» **How to complete this task**: In the listing below, locate the line with "湖南省優(yōu)秀設(shè)計(jì)表揚(yáng)金獎(1984)" and the line with "- ▽鴻▽明時代 陶磁器", then output both and everything between them exactly, minus any pictures.

» **Study material**:
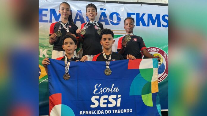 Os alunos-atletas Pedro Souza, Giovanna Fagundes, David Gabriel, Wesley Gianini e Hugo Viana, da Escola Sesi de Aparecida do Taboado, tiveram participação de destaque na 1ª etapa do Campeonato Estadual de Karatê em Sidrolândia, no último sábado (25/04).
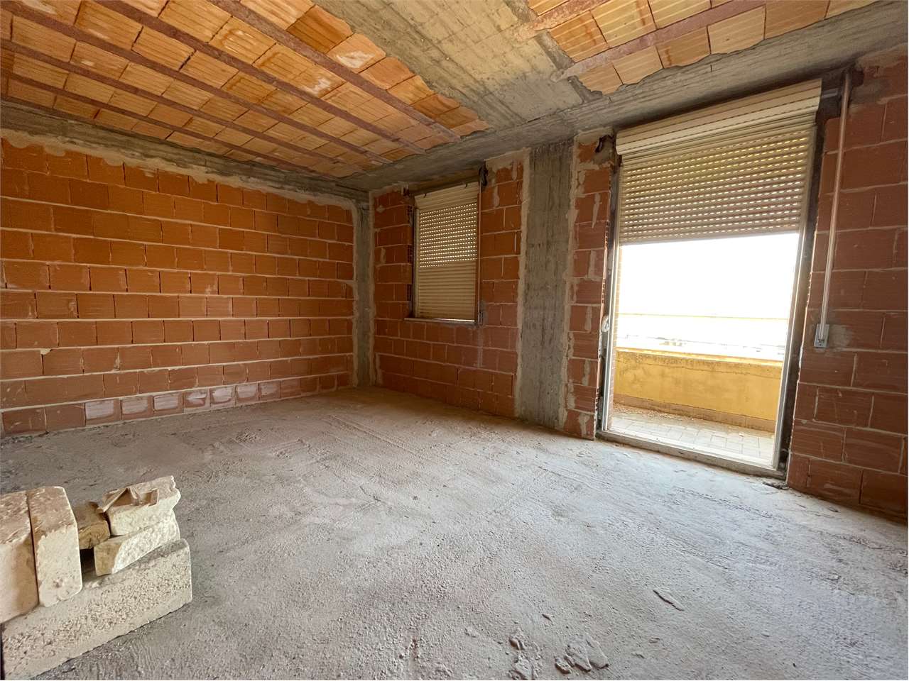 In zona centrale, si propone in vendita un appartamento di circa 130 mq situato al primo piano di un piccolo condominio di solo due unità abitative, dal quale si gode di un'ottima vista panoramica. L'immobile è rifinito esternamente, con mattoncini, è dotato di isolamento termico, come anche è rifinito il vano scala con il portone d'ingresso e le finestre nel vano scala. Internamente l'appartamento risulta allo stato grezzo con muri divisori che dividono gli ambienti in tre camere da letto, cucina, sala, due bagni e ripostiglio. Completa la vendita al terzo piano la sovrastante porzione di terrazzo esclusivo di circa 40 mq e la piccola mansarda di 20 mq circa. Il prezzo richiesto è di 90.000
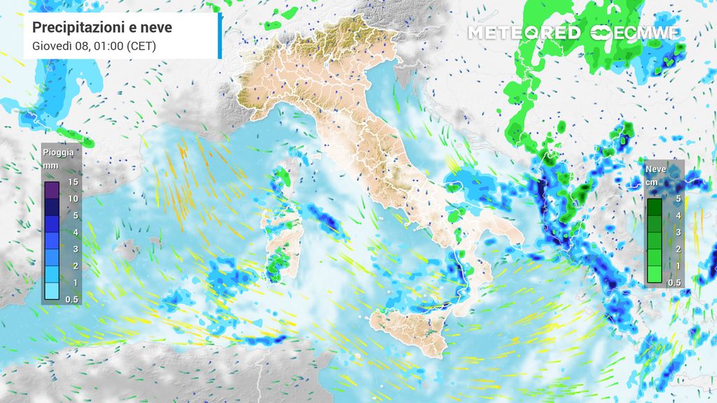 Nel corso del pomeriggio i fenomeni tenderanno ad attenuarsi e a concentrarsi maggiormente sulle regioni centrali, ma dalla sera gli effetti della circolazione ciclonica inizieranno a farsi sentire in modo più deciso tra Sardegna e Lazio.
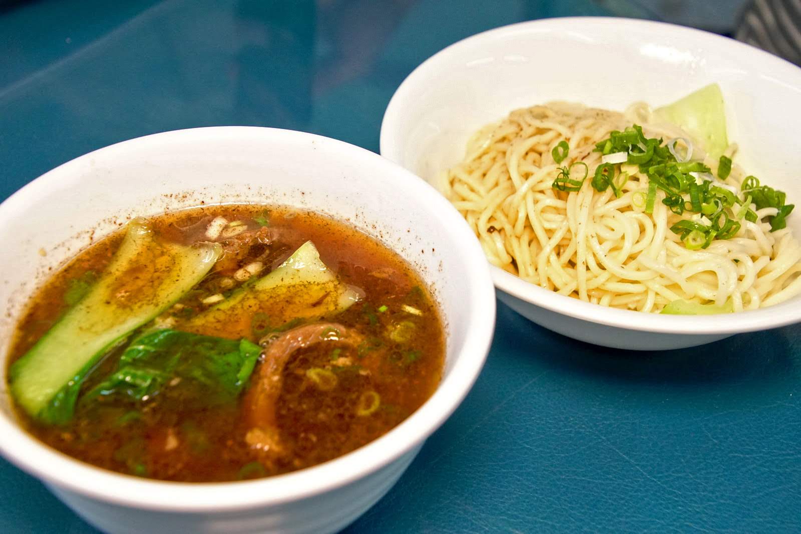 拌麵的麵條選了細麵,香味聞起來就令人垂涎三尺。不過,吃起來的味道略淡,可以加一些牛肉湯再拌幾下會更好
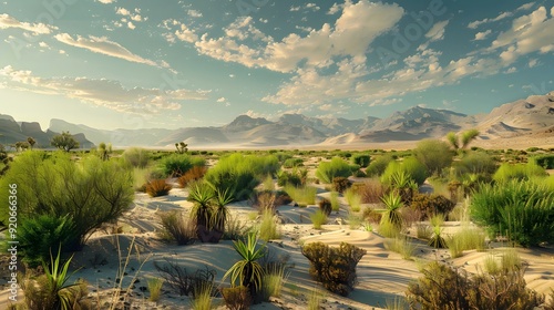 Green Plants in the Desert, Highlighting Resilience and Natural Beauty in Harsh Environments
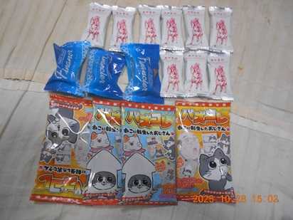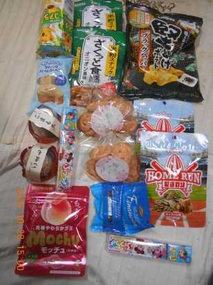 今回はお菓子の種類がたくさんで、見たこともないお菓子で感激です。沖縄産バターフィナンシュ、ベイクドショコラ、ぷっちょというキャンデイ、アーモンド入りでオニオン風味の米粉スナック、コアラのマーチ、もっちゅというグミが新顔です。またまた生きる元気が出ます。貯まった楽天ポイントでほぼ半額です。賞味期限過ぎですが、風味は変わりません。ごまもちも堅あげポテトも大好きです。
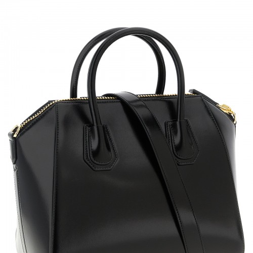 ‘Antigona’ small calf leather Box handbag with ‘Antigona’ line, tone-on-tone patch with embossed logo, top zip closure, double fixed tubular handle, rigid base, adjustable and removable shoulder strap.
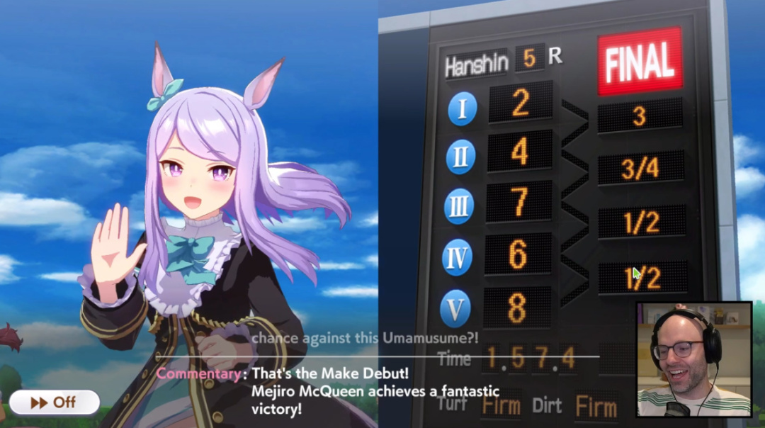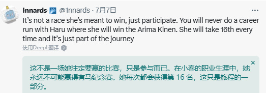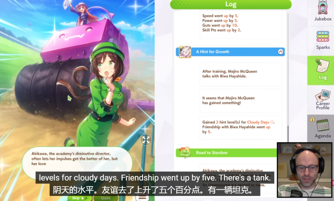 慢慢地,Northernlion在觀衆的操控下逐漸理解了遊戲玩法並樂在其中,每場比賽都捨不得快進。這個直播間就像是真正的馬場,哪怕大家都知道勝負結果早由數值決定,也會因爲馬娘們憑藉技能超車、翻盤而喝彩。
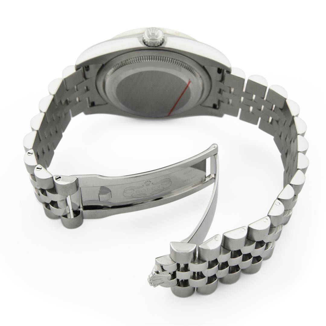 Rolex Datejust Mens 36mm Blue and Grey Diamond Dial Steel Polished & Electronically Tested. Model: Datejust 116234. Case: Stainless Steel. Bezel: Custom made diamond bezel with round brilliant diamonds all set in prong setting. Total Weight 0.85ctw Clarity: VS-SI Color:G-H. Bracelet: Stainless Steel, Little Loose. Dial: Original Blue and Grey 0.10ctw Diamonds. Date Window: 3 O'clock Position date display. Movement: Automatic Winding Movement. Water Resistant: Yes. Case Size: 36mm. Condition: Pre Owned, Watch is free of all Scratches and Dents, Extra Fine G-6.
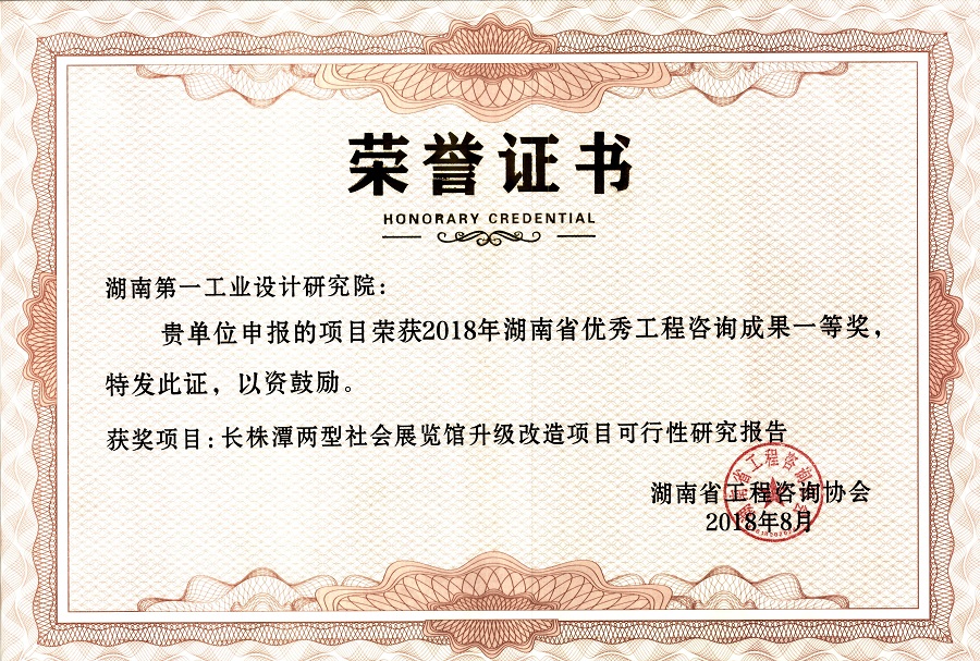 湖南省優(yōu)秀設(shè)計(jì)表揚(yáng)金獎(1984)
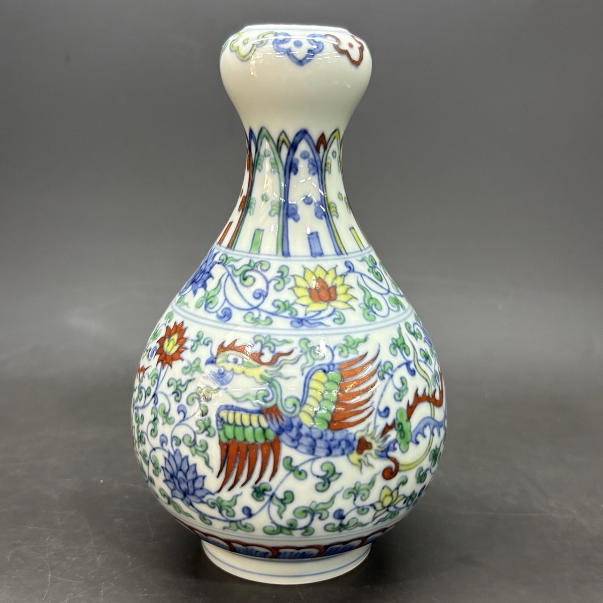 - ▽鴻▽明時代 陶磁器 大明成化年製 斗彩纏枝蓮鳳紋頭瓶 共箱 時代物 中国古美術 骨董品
--
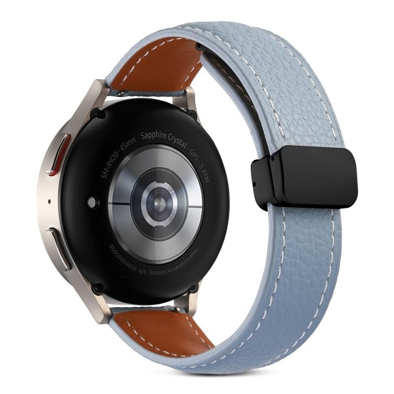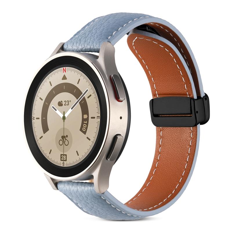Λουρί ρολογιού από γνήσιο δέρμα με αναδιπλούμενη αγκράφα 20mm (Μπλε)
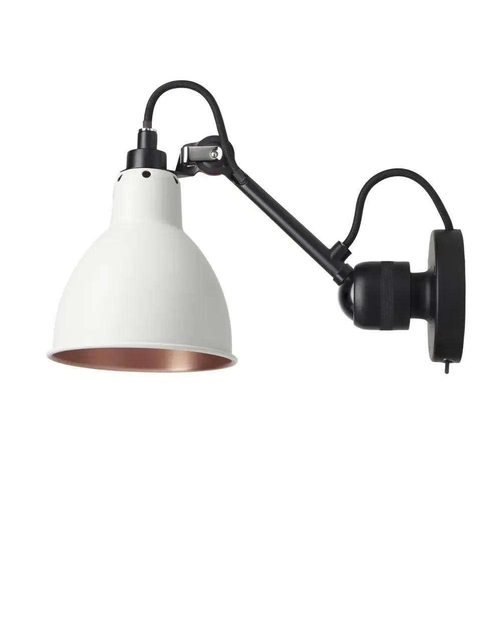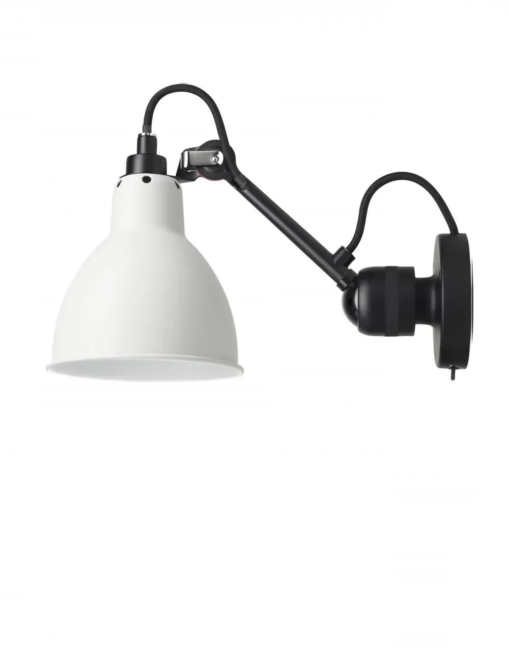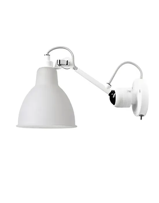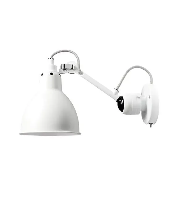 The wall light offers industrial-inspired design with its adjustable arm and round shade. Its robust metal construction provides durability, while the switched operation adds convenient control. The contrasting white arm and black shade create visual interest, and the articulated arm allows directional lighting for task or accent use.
==
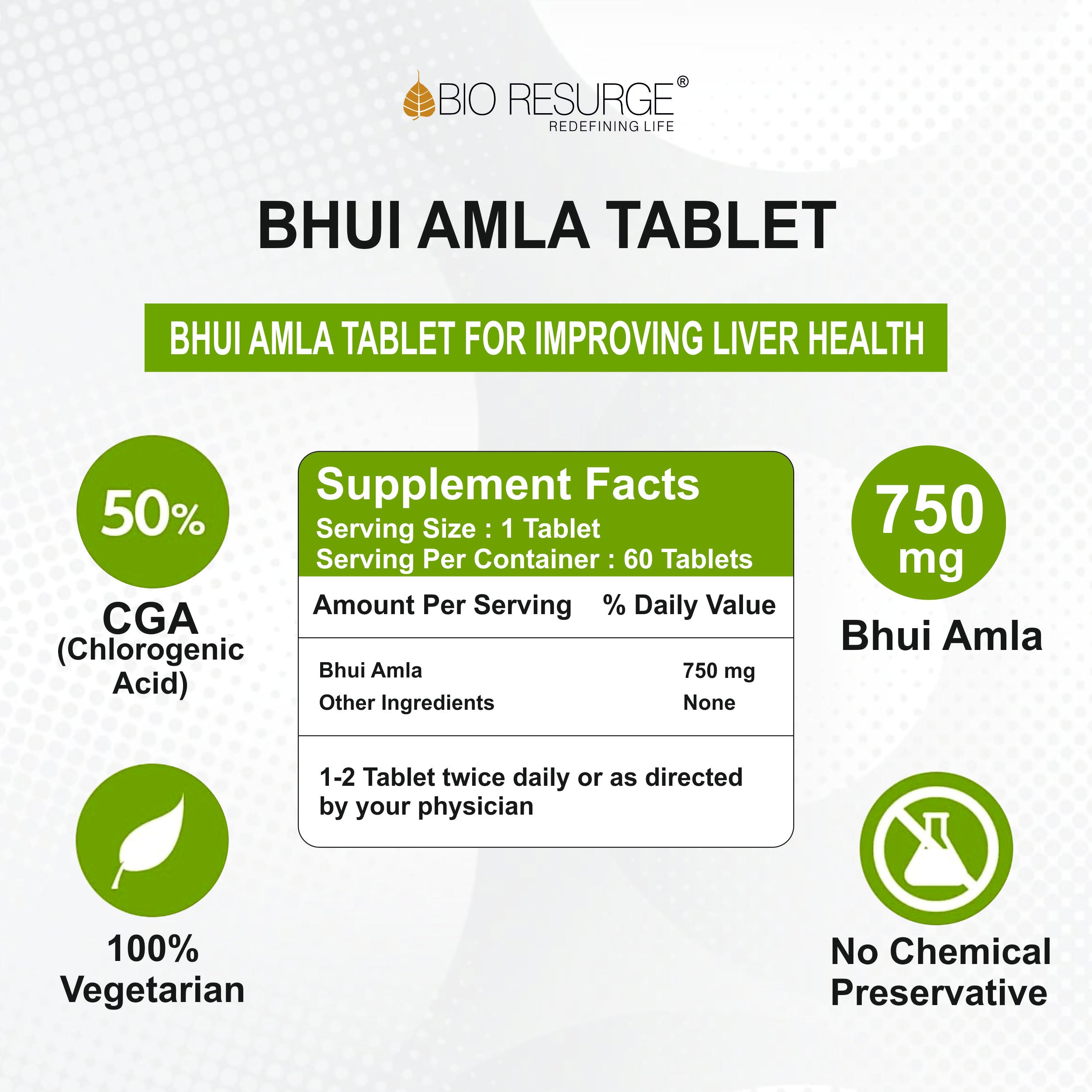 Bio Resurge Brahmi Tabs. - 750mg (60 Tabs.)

» **Expected answer**:
 湖南省優(yōu)秀設(shè)計(jì)表揚(yáng)金獎(1984)
 - ▽鴻▽明時代 陶磁器 大明成化年製 斗彩纏枝蓮鳳紋頭瓶 共箱 時代物 中国古美術 骨董品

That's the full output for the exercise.